> [WHAT TO DO] All the lines below need to be output exactly, apart from any images.

=== SUPPLIED ENTRIES ===

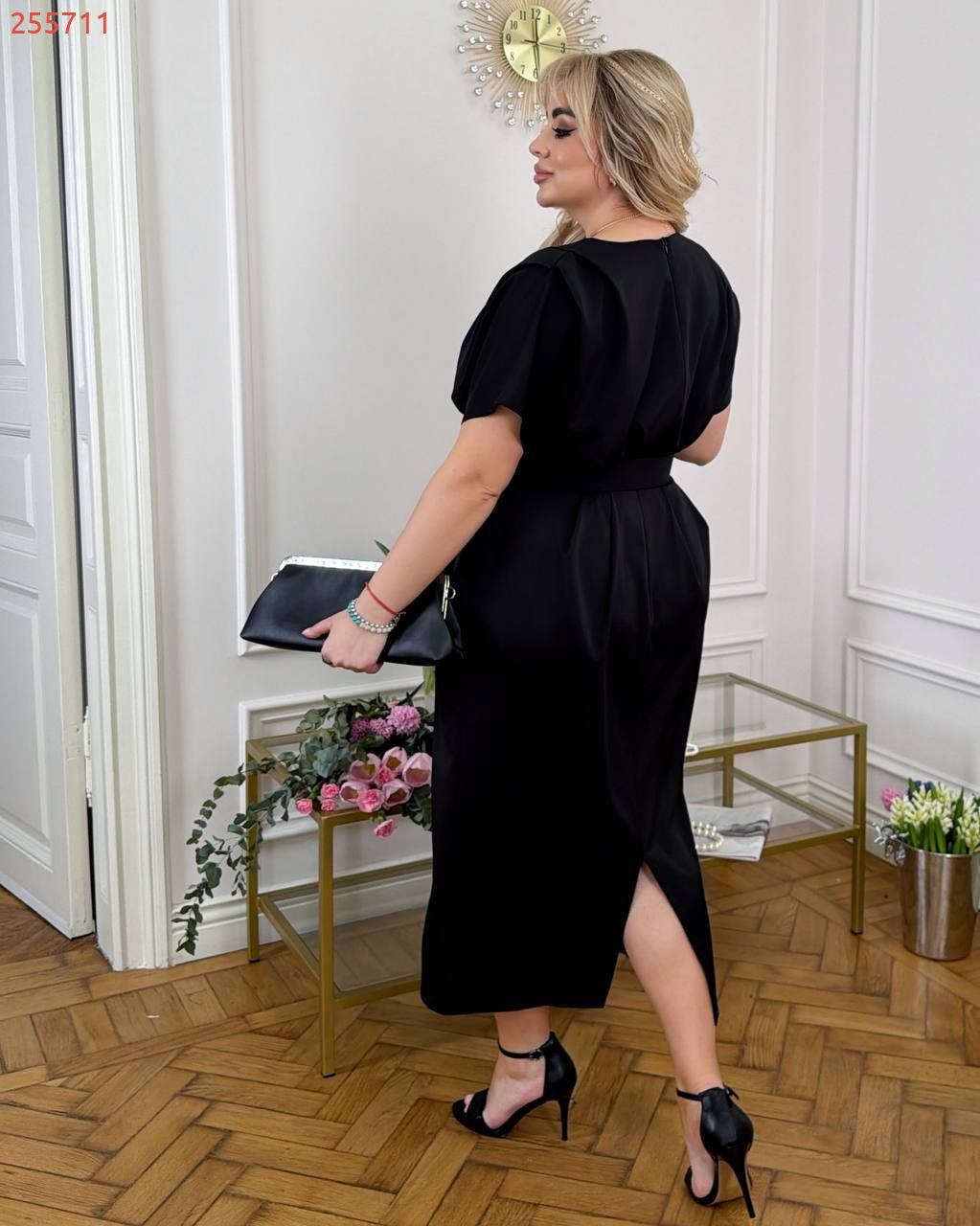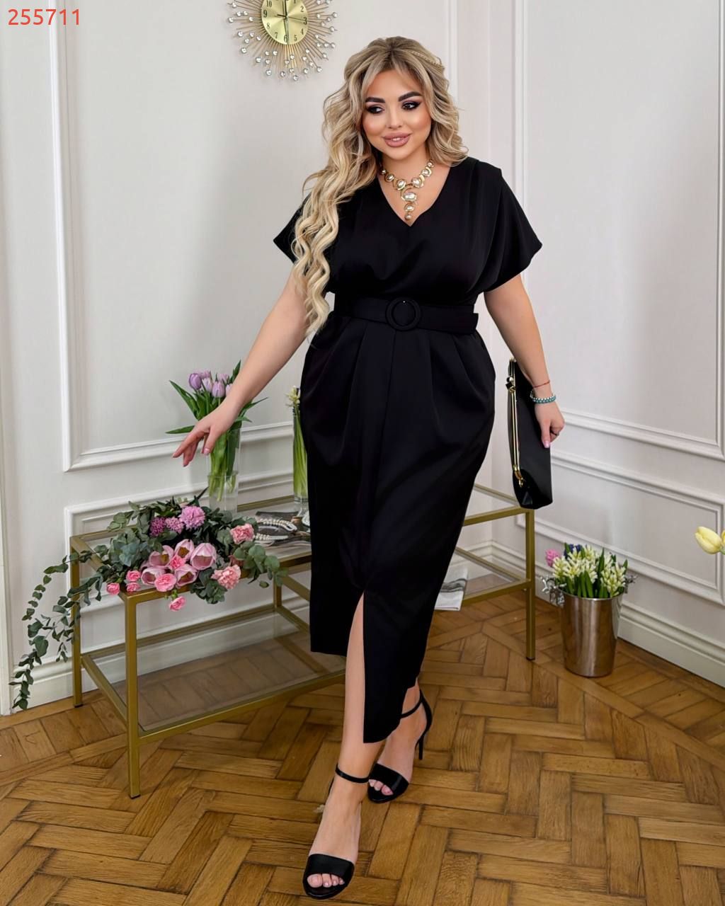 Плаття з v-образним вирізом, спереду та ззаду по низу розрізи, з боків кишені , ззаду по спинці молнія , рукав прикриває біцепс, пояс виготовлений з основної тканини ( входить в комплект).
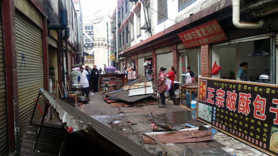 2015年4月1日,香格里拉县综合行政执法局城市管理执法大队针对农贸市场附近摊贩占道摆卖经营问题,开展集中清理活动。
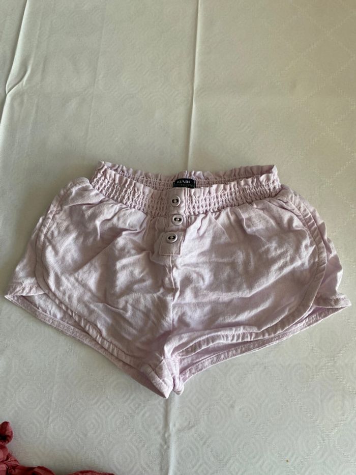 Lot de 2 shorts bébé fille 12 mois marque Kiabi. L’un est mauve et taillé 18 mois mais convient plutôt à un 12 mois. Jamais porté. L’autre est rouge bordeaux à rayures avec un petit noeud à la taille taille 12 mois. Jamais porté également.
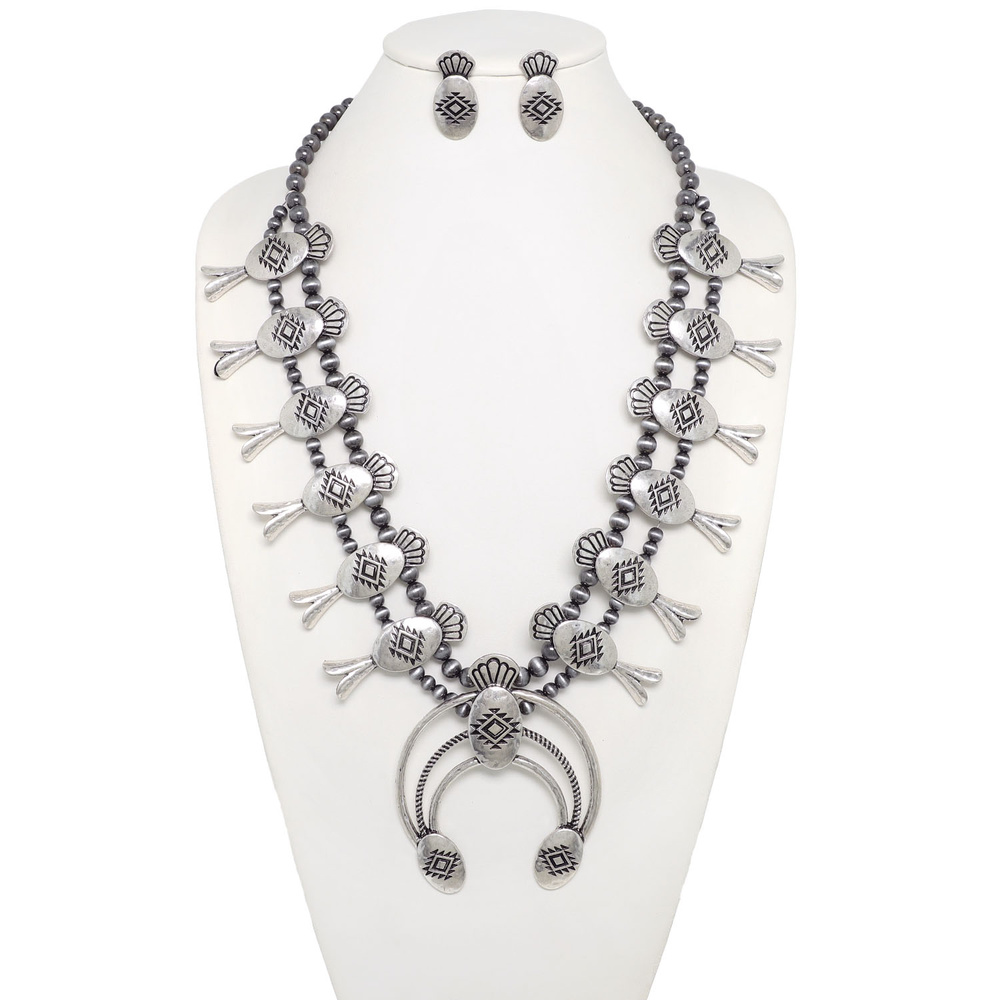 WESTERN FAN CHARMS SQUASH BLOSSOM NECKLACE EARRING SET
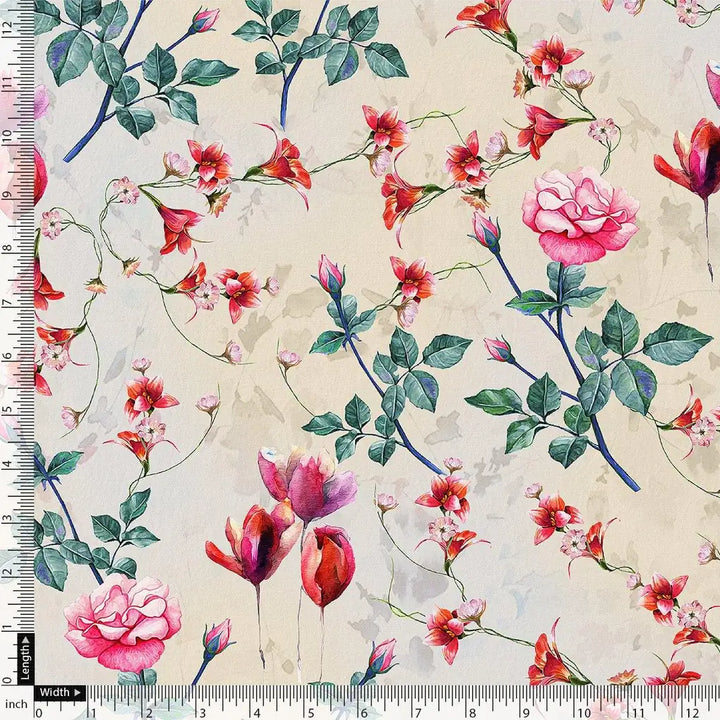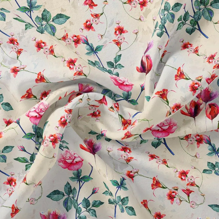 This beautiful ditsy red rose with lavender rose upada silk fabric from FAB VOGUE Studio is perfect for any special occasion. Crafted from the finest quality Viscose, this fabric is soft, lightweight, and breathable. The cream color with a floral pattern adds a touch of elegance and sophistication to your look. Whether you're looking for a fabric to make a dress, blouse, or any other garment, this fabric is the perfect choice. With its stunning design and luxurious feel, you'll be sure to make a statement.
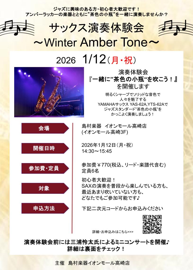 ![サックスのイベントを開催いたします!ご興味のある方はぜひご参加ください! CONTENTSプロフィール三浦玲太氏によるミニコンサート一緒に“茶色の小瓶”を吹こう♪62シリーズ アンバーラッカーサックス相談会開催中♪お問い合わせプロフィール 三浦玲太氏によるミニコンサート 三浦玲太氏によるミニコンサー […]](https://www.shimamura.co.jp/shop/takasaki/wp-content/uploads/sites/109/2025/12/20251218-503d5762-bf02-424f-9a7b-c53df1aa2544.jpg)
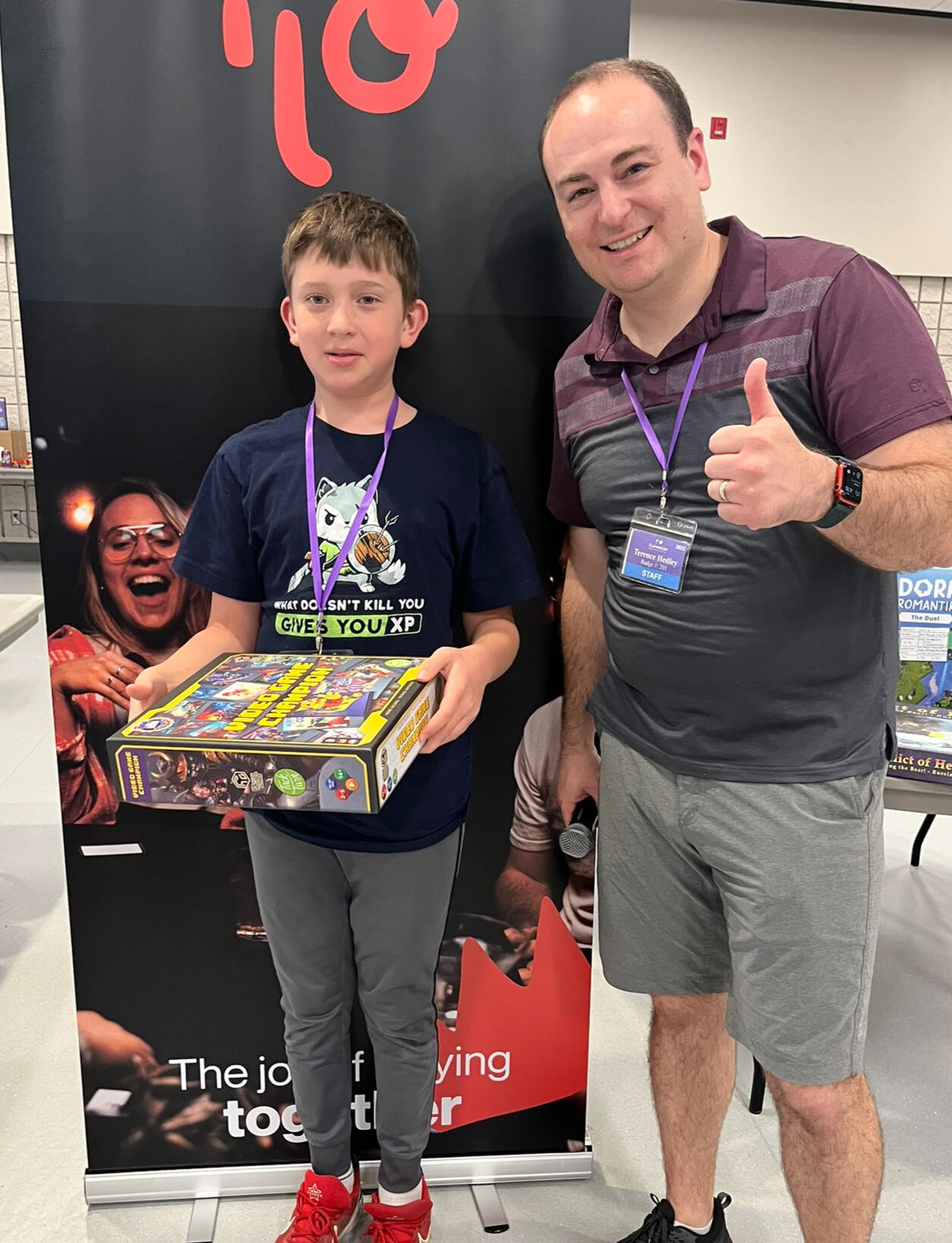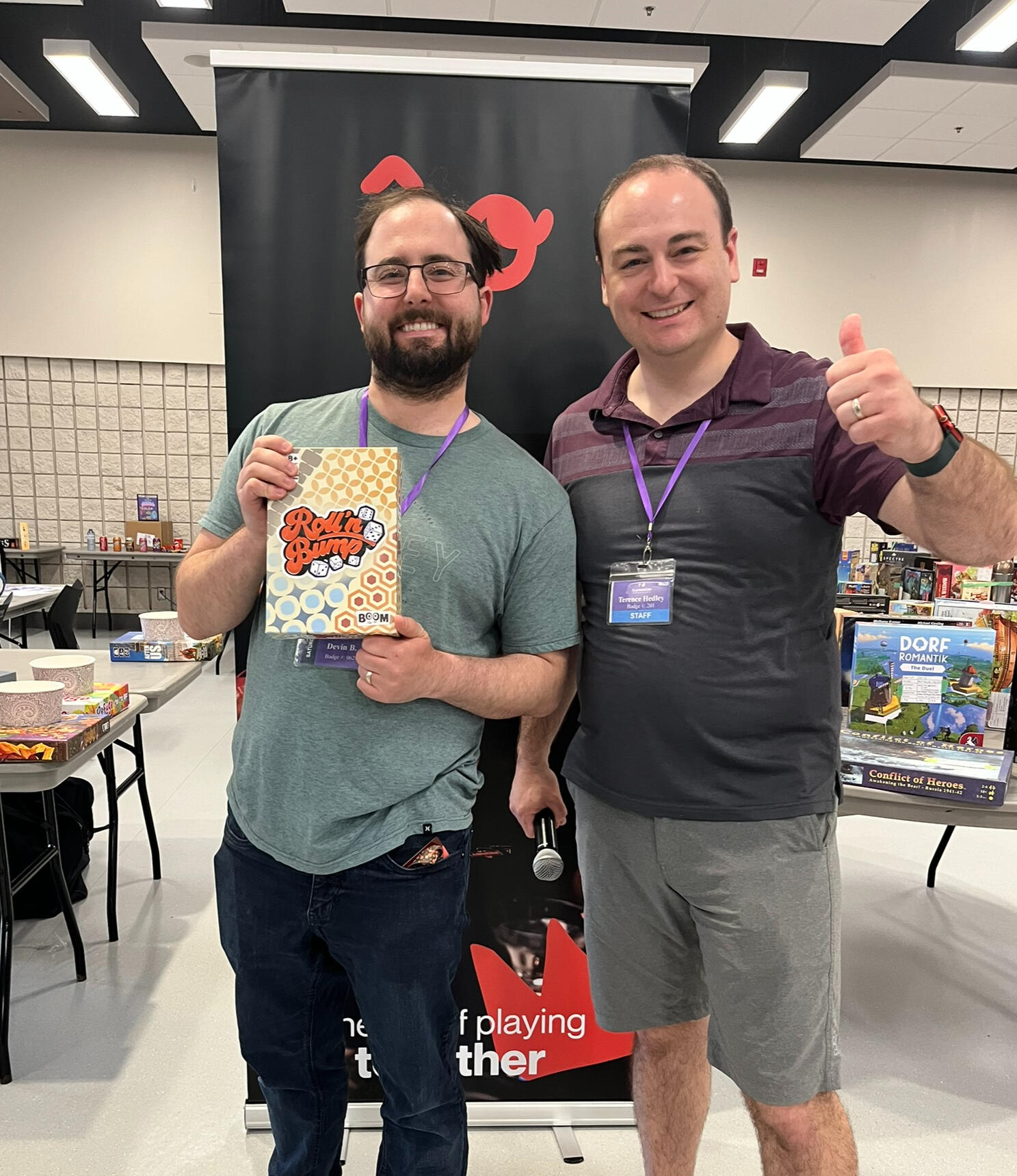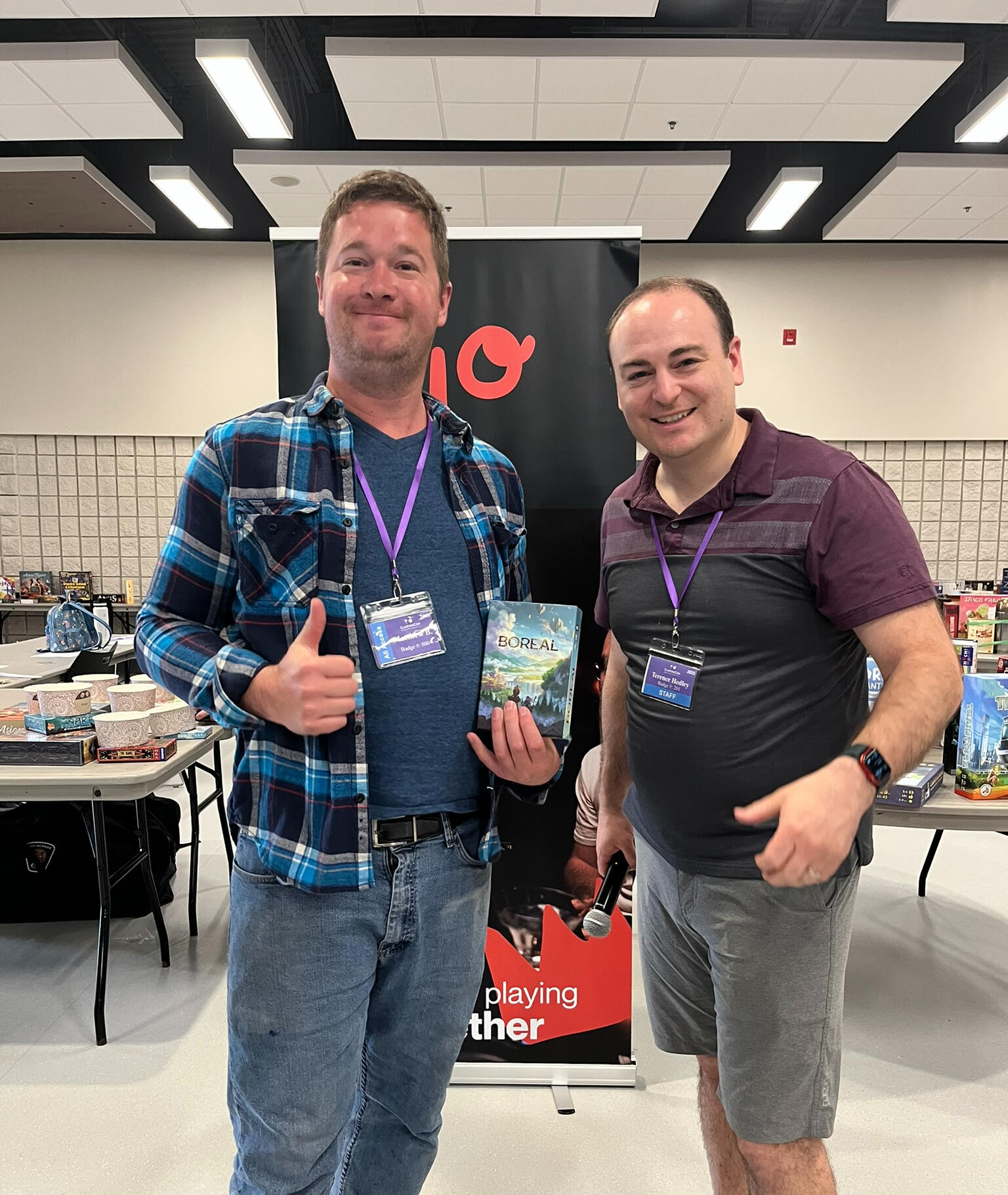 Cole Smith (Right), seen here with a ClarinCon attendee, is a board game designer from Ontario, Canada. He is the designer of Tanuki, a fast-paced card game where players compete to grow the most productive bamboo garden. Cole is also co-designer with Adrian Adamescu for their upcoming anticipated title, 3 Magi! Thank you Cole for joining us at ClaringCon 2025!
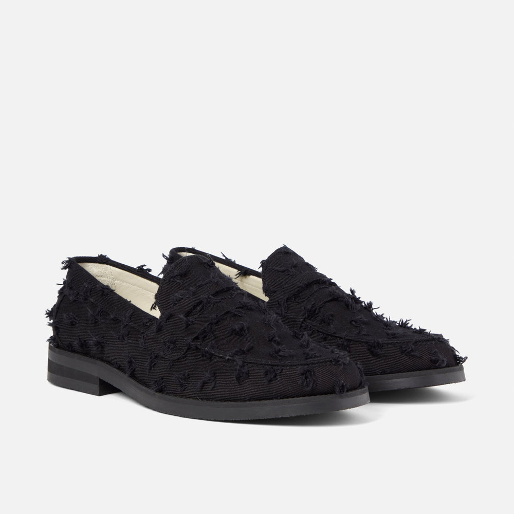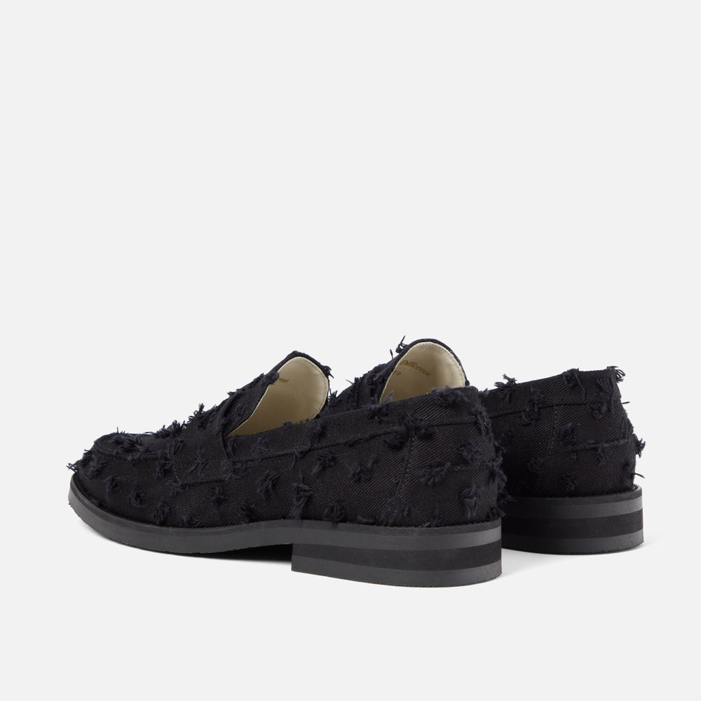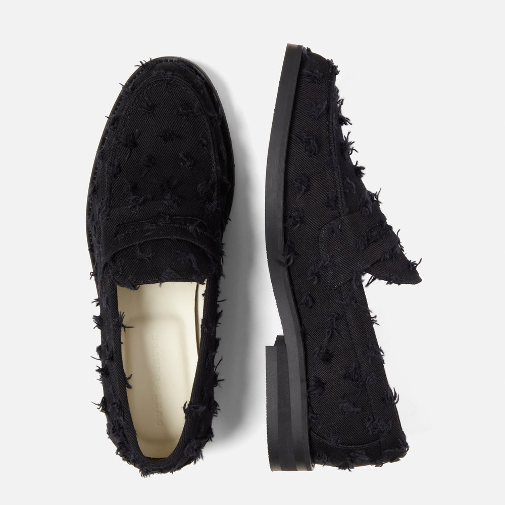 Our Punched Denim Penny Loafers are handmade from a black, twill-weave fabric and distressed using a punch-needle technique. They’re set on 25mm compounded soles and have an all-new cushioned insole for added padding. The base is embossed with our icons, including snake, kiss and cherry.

===

> [COMPLETED EXERCISE]
 Плаття з v-образним вирізом, спереду та ззаду по низу розрізи, з боків кишені , ззаду по спинці молнія , рукав прикриває біцепс, пояс виготовлений з основної тканини ( входить в комплект).
 2015年4月1日,香格里拉县综合行政执法局城市管理执法大队针对农贸市场附近摊贩占道摆卖经营问题,开展集中清理活动。
 Lot de 2 shorts bébé fille 12 mois marque Kiabi. L’un est mauve et taillé 18 mois mais convient plutôt à un 12 mois. Jamais porté. L’autre est rouge bordeaux à rayures avec un petit noeud à la taille taille 12 mois. Jamais porté également.
 WESTERN FAN CHARMS SQUASH BLOSSOM NECKLACE EARRING SET
 This beautiful ditsy red rose with lavender rose upada silk fabric from FAB VOGUE Studio is perfect for any special occasion. Crafted from the finest quality Viscose, this fabric is soft, lightweight, and breathable. The cream color with a floral pattern adds a touch of elegance and sophistication to your look. Whether you're looking for a fabric to make a dress, blouse, or any other garment, this fabric is the perfect choice. With its stunning design and luxurious feel, you'll be sure to make a statement.
 ![サックスのイベントを開催いたします!ご興味のある方はぜひご参加ください! CONTENTSプロフィール三浦玲太氏によるミニコンサート一緒に“茶色の小瓶”を吹こう♪62シリーズ アンバーラッカーサックス相談会開催中♪お問い合わせプロフィール 三浦玲太氏によるミニコンサート 三浦玲太氏によるミニコンサー […]](https://www.shimamura.co.jp/shop/takasaki/wp-content/uploads/sites/109/2025/12/20251218-503d5762-bf02-424f-9a7b-c53df1aa2544.jpg)
 Cole Smith (Right), seen here with a ClarinCon attendee, is a board game designer from Ontario, Canada. He is the designer of Tanuki, a fast-paced card game where players compete to grow the most productive bamboo garden. Cole is also co-designer with Adrian Adamescu for their upcoming anticipated title, 3 Magi! Thank you Cole for joining us at ClaringCon 2025!
 Our Punched Denim Penny Loafers are handmade from a black, twill-weave fabric and distressed using a punch-needle technique. They’re set on 25mm compounded soles and have an all-new cushioned insole for added padding. The base is embossed with our icons, including snake, kiss and cherry.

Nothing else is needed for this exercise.